Founded in 1585 on Roanoke Island, in what is now Dare County, North Carolina, the colony was troubled from the beginning. The colony's governor, John White, returned to England to gather more supplies. But because of an ongoing war with Spain, he was not able to return until 1590. He found the colony abandoned and was unable to find the colonists. Their fate has been the subject of speculation and research for more than four centuries.

"It is based on the Dare Stones, the first of which was discovered in Edenton, North Carolina, in 1937," Brock said of her latest novel.

The Dare Stones are a series of stones that appeared to have been engraved with messages from survivors of the Lost Colony. The stones were found in North Carolina and North Georgia in the late 1930s and 1940s. Most of the messages appeared to have been written by Eleanor Dare, the daughter of John White, with the first one supposedly written to him. She was pregnant when they left England and gave birth to the first child of English parents born in North America, a daughter named Virginia Dare. Brenau University in Gainesville has a collection of 48 Dare Stones.
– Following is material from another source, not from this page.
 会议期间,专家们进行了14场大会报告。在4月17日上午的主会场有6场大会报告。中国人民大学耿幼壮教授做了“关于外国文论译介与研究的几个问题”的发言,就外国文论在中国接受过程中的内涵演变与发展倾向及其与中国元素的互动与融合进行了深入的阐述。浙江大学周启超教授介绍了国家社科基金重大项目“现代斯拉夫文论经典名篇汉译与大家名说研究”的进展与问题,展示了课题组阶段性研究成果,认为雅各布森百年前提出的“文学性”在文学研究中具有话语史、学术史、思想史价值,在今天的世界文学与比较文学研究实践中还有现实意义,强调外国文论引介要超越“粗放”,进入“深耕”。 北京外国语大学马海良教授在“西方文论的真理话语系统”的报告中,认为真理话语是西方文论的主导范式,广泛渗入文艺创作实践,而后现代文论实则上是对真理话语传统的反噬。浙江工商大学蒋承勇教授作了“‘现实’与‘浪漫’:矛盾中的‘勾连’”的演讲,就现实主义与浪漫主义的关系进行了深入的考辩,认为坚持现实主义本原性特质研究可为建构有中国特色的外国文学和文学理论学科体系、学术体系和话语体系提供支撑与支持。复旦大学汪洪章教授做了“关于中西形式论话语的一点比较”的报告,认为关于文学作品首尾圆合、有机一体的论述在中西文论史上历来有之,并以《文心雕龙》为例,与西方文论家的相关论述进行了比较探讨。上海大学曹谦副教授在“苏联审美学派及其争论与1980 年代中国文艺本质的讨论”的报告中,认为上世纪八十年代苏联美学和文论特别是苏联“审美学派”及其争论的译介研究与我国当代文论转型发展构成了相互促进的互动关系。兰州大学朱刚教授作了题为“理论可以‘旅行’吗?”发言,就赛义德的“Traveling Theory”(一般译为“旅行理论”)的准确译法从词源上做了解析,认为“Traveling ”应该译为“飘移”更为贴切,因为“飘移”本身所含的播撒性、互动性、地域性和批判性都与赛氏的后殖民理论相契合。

"The first one is a bit of a question," Brock said. "It is the only one whose authenticity hasn't been conclusively proven or disproven."

The remaining stones are generally believed to be hoaxes.

"I really ignore them and just start with the first stone," Brock said. "After that, I move her (Eleanor Dare) around the way I think she would have moved."

That journey takes Dare from North Carolina into Northern Georgia and eventually down into what is now Fulton County.

"It's historical fiction because it starts with real historical events," Brock said. "But it's also speculative fiction because I invent several generations of women descended from Eleanor Dare."

Now living in Georgia, Brock said she is working on a third novel tentatively scheduled to come out in 2024. It, too, will be published by Harper Collins.

"It's set around Cumberland Island," she said. "I don't have a title yet. It's a bit of a ghost story. That's all I can say right now."

She said the success of her novels has been exciting.

"I've done book tours. I just recently was interviewed by the History Channel (for an episode of 'History's Greatest Mysteries'), which was a lot of fun. I've really been having a blast," she said.